• **EXERCISE**
The lines below must be transcribed exactly as given, with the images removed.

• **INFORMATION SHOWN**

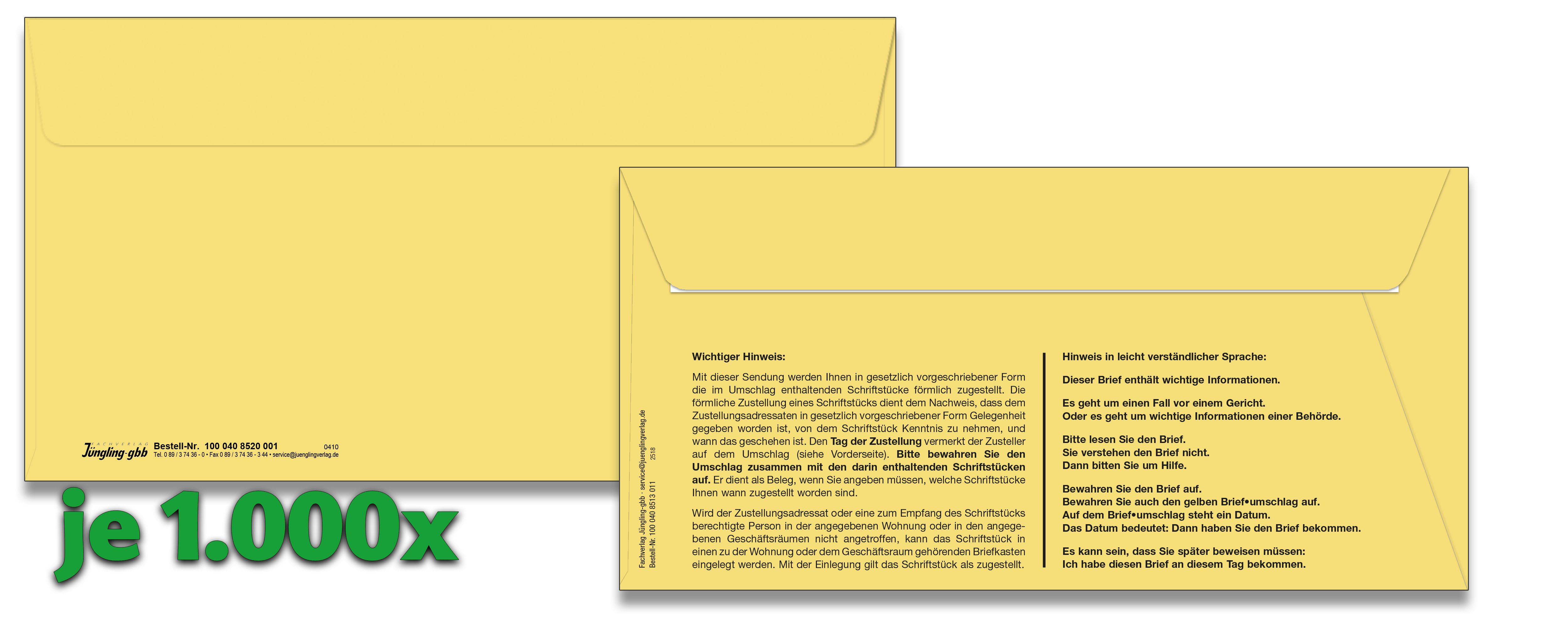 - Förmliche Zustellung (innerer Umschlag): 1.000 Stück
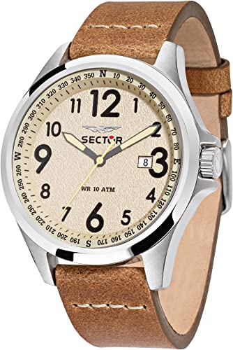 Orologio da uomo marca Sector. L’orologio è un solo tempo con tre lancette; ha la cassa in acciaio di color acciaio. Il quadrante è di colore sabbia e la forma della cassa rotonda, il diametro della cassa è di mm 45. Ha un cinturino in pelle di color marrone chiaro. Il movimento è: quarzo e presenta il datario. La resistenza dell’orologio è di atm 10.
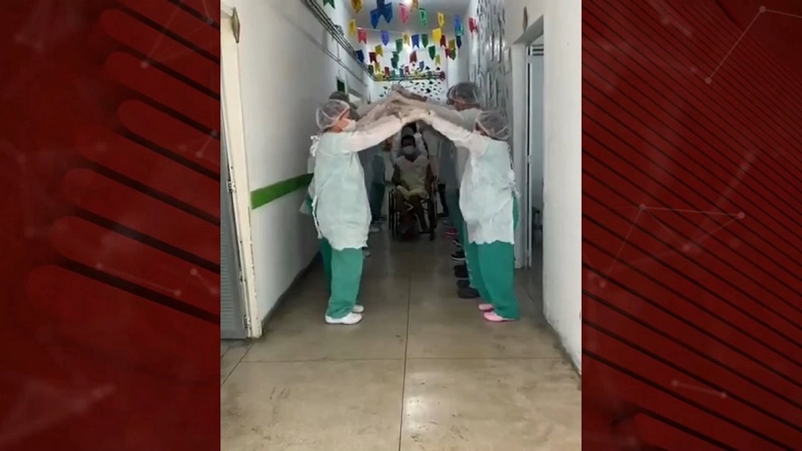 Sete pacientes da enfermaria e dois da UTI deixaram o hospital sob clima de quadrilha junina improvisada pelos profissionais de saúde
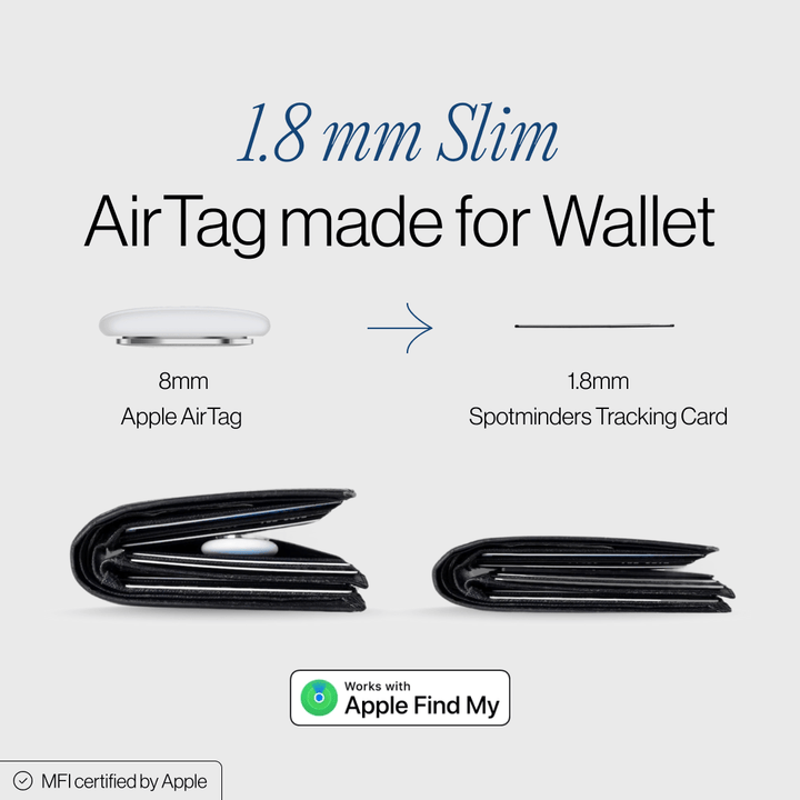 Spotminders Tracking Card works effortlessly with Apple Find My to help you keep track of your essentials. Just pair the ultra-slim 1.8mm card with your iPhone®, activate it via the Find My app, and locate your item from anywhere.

• **ANSWER BELOW**
 - Förmliche Zustellung (innerer Umschlag): 1.000 Stück
 Orologio da uomo marca Sector. L’orologio è un solo tempo con tre lancette; ha la cassa in acciaio di color acciaio. Il quadrante è di colore sabbia e la forma della cassa rotonda, il diametro della cassa è di mm 45. Ha un cinturino in pelle di color marrone chiaro. Il movimento è: quarzo e presenta il datario. La resistenza dell’orologio è di atm 10.
 Sete pacientes da enfermaria e dois da UTI deixaram o hospital sob clima de quadrilha junina improvisada pelos profissionais de saúde
 Spotminders Tracking Card works effortlessly with Apple Find My to help you keep track of your essentials. Just pair the ultra-slim 1.8mm card with your iPhone®, activate it via the Find My app, and locate your item from anywhere.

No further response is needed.